> _Your assignment_
Between the line containing "- キジトラ お腹から足は白 前左足のみ黒い模様がある" and the line containing "Огромные уши совы" lies a run of lines; give that run again exactly, with both of those lines, and nothing else from the entries below.

> _Dataset records_
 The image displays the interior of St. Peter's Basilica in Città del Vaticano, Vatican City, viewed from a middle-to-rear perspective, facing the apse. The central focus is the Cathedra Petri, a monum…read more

--

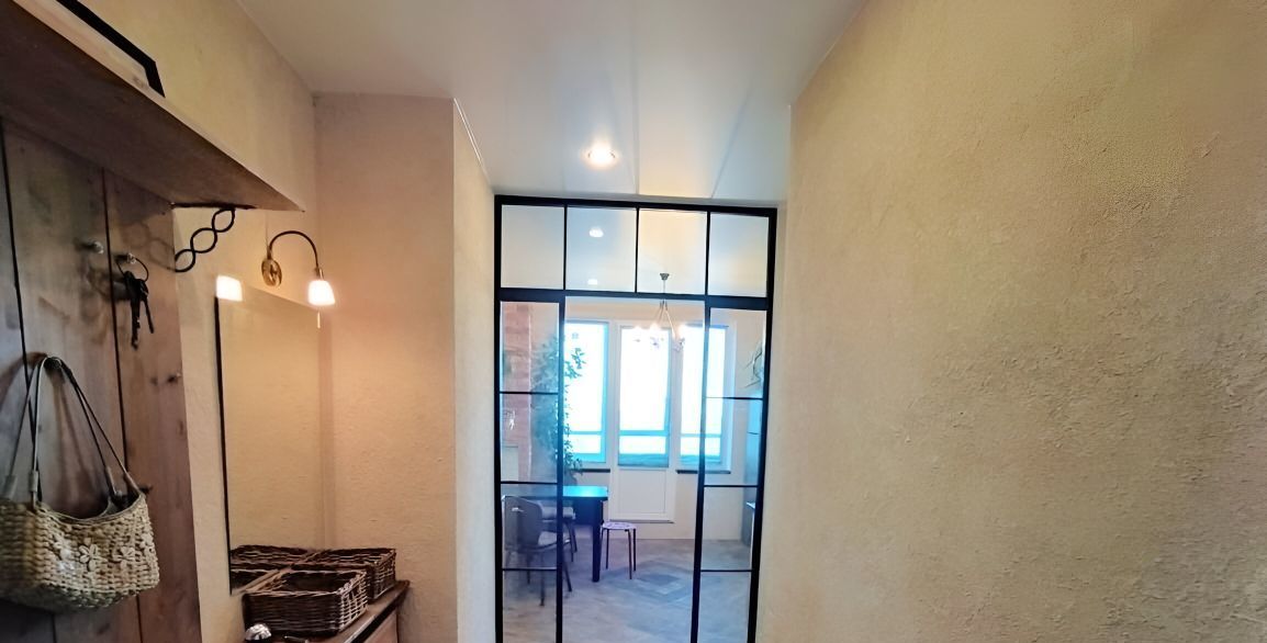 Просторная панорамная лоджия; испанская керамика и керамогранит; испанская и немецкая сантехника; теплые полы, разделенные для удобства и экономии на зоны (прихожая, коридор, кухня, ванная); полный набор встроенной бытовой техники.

---

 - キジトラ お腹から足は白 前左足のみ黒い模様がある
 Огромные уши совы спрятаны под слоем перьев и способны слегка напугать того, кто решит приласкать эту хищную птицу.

> _Task answer_
 - キジトラ お腹から足は白 前左足のみ黒い模様がある
 Огромные уши совы спрятаны под слоем перьев и способны слегка напугать того, кто решит приласкать эту хищную птицу.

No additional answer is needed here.